On this day 250 years ago, Patriots estimated to total from 2000 to more than 20,000, occupied the towns of Charlestown (now Somerville) and Cambridge, Massachusetts in response to the Powder Alarm. The assembled crowd demanded and received the resignation of royal officials who lived in Cambridge including Lieutenant Governor Thomas Oliver and Judges Samuel Danforth and Joseph Lee who were all members of the Governor’s Mandamus Council. They also chased the despised tax collector, Benjamin Hallowell, from town on horseback into Boston. The supposed commander of the Colony’s militia General William Brattle and Attorney General Jonathan Sewell likewise fled to Boston.

Recognizing that all of Massachusetts had risen to oppose his plans to seize gunpowder and military stores in the colony, Governor Gage wrote Lord Dartmouth, secretary of state for the colonies, that although he had intended “to send a Body of Troops to Worcester, to protect the Courts there, . . . Disturbance being so general, and not confined to any particular Spot,” he did not know “where to send them to be of Use.” Sending soldiers to enforce royal authority in Massachusetts outside of Boston would require “dividing them in small Detachments, and tempt Numbers to fall upon them, which was reported to be the Scheme of the Directors of these Operations.” Gage assumed that the assembled crowds of Patriots were all being directed by Sam Adams, Joseph Warren and the Patriot leaders when in fact the risings were all spontaneous and actually surprised and to some extent alarmed the Patriot leadership.

Also on this day 250 years ago in Braintree, Massachusetts Abigail Adams wrote to her husband John in Philadelphia concerning the events in Cambridge:

I own I feel not a little agitated with the accounts I have this day received from Town. Great commotions have arisen in concequence of the discovery of a Tratorous plot of Colonel Brattle’s—his advice to Gage to Break every commisiond officer, and to seize the province and Towns Stock of powder.3 This has so enraged and exasperated the people that there is great apprehension of an immediate rupture. They have been all in flames ever since the new fangled counsellors have taken their oaths. The importance with which they consider the meeting of the Congress, and the result thereof to the community, withholds the arm of vengance already lifted but which would most certainly fall with accumalated wrath upon Brattle were it posible to come at him, but no sooner did he discover that his treachery had taken air, than he fled not only to Boston, but into the camp for Safety.
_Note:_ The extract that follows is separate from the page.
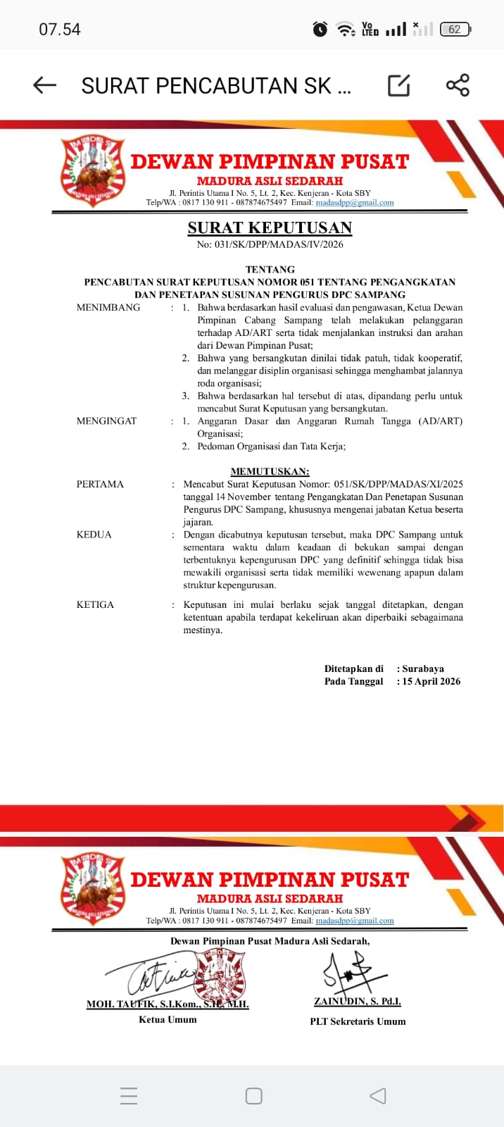Dalam dokumen resmi yang diterima, pencabutan ini merupakan tindak lanjut dari hasil evaluasi dan pengawasan internal organisasi terhadap kinerja kepengurusan DPC Sampang.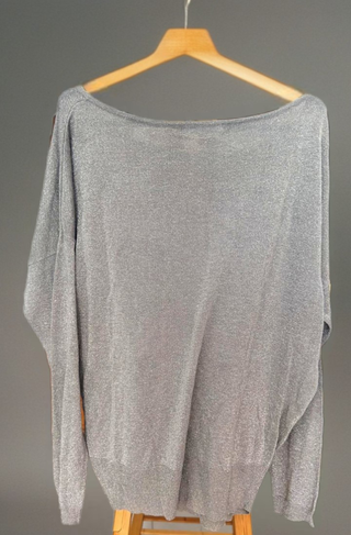 Jersey de punto fino con un diseño elegante y moderno. - Talla grande. - Tejido suave y confortable. - Detalles brillantes plateados integrados en el tejido. - Cuello redondo y manga larga.

Sources: https://www.americainclass.org/sources/makingrevolution/rebellion/text2/oliverloyalistsviolence.pdf; https://historycambridge.org/Cambridge-Revolution/Brattle%20House.html; https://allthingsliberty.com/2017/03/country-crowds-revolutionary-massachusetts-mobs-militia/#_edn19; https://founders.archives.gov/?q=%222%20September%201774%22&s=1111311111&sa=&r=1&sr=

The National Park Service, History Cambridge, the Somerville Museum, and other Massachusetts organizations will be commemorated the Powder Alarm at the Powder House and other locations in Cambridge and Somerville starting today, September 2, 2024 with a lecture on Wednesday, September 4, 2024. https://www.nps.gov/long/learn/news/events-in-cambridge-and-somerville-mark-the-250th-anniversary-of-the-powder-alarm.htm

Also on this day 250 years ago, George Washington, Edmund Pendleton and Patrick Henry arrived at Rock Hall, Maryland on their way to the First Continental Congress in Philadelphia. They “lodged at New Town on the Chester” and the next day they had “Breakfast at Down’s (Galena).”